··· Data in this exercise

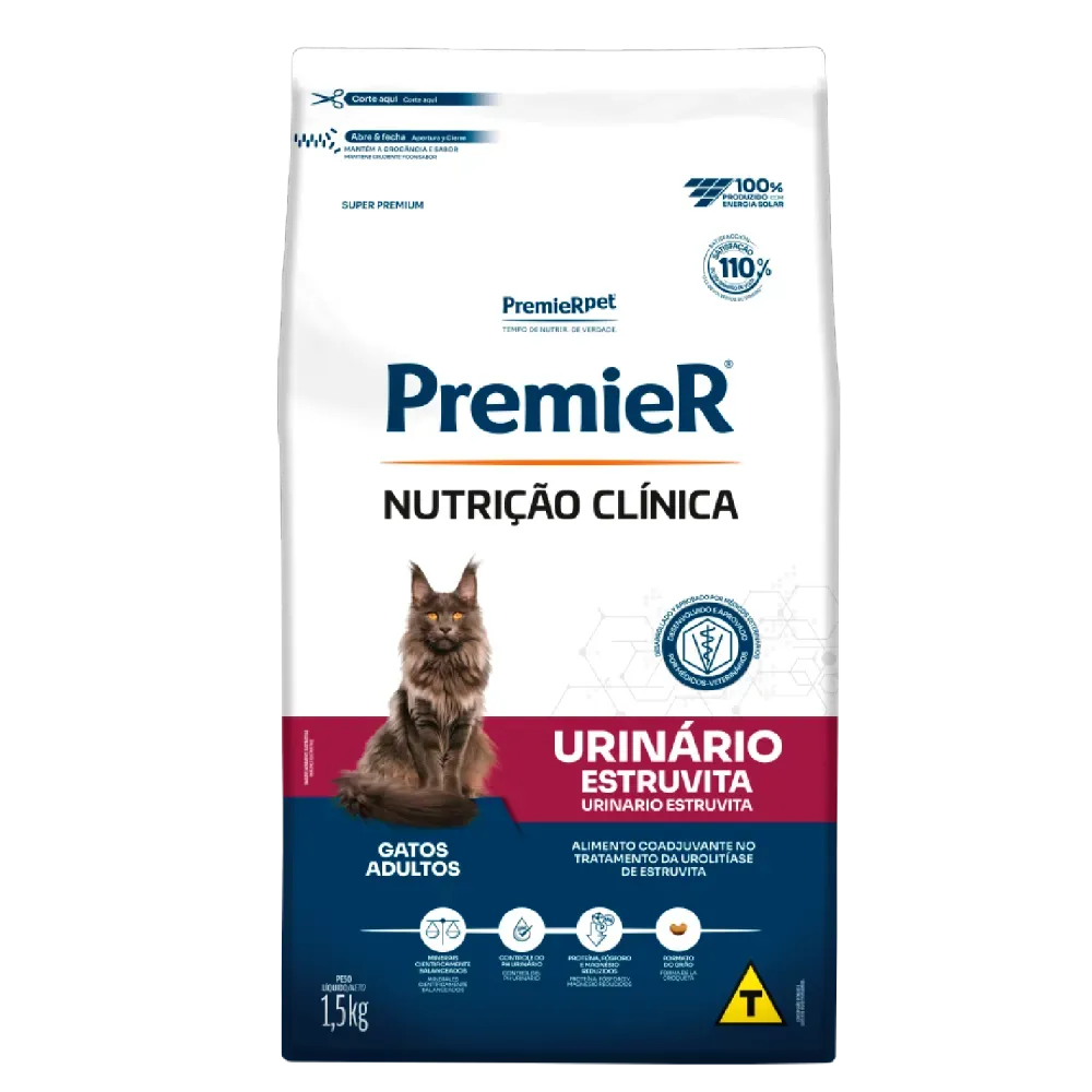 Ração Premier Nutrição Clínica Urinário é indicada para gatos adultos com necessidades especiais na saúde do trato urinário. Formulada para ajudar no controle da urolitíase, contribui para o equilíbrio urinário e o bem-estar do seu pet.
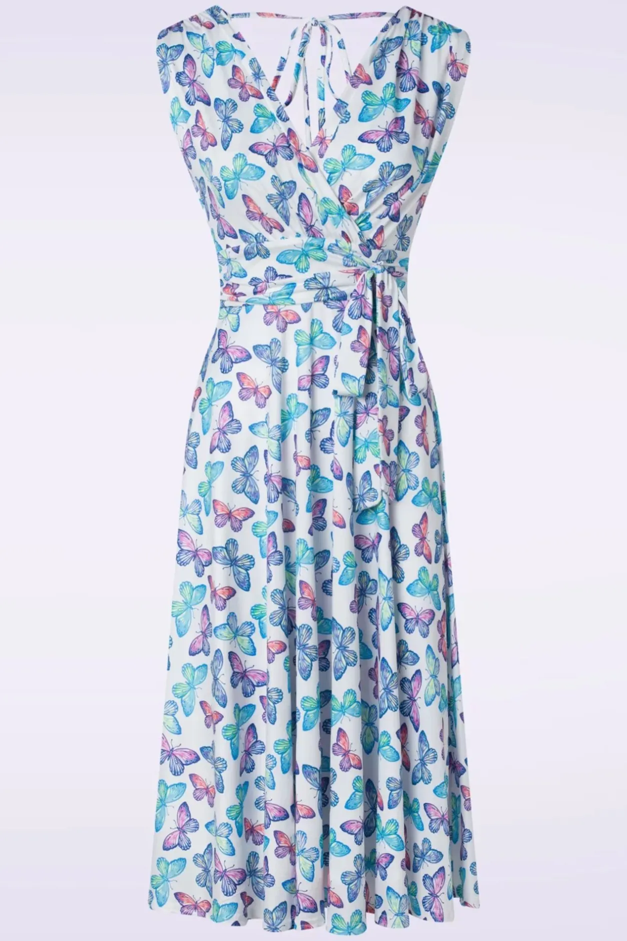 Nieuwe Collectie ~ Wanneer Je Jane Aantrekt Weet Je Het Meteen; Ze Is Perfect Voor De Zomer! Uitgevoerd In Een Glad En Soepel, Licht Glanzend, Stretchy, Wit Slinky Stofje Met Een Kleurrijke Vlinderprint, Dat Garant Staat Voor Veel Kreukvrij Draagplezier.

······
··· Data in this exercise

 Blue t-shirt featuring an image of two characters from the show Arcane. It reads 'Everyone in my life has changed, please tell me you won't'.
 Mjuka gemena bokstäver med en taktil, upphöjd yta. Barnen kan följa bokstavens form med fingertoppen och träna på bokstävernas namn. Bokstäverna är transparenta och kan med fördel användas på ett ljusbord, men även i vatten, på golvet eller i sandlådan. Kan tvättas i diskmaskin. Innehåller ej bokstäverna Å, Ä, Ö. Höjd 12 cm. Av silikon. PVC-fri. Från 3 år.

······
··· Data in this exercise

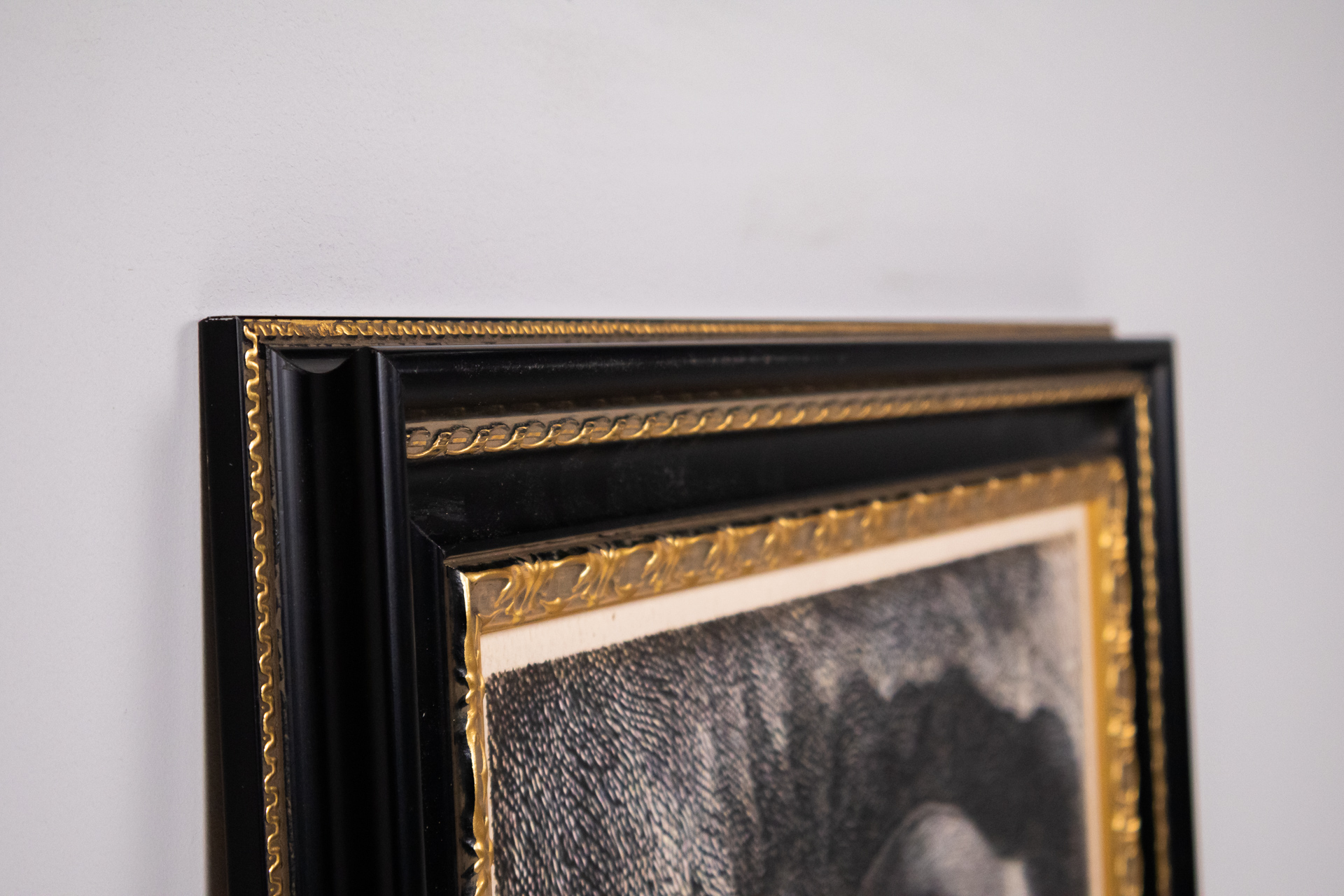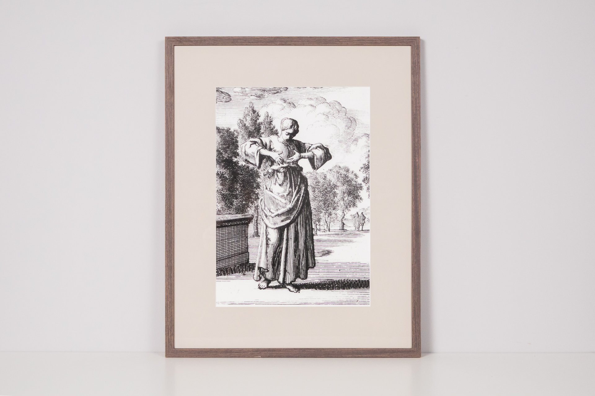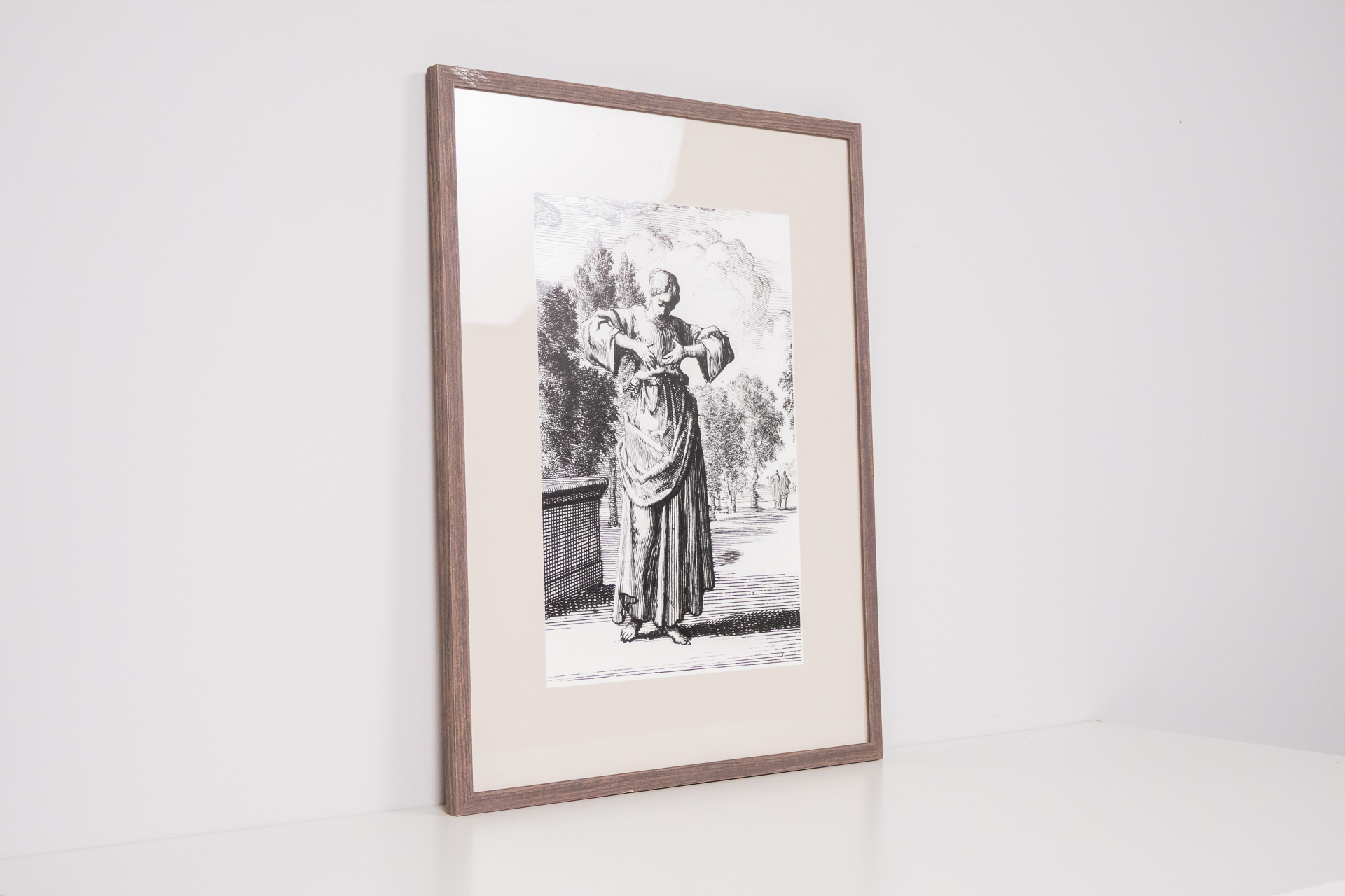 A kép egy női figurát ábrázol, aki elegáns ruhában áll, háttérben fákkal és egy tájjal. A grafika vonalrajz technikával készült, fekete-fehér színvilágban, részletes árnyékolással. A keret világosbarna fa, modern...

······

— Exercise description —
In the entries above, find the line containing "Ração Premier Nutrição" and the line containing "Nieuwe Collectie ~"; give again exactly those two lines and every line between them, minus the pictures.

— Result of this task —
 Ração Premier Nutrição Clínica Urinário é indicada para gatos adultos com necessidades especiais na saúde do trato urinário. Formulada para ajudar no controle da urolitíase, contribui para o equilíbrio urinário e o bem-estar do seu pet.
 Nieuwe Collectie ~ Wanneer Je Jane Aantrekt Weet Je Het Meteen; Ze Is Perfect Voor De Zomer! Uitgevoerd In Een Glad En Soepel, Licht Glanzend, Stretchy, Wit Slinky Stofje Met Een Kleurrijke Vlinderprint, Dat Garant Staat Voor Veel Kreukvrij Draagplezier.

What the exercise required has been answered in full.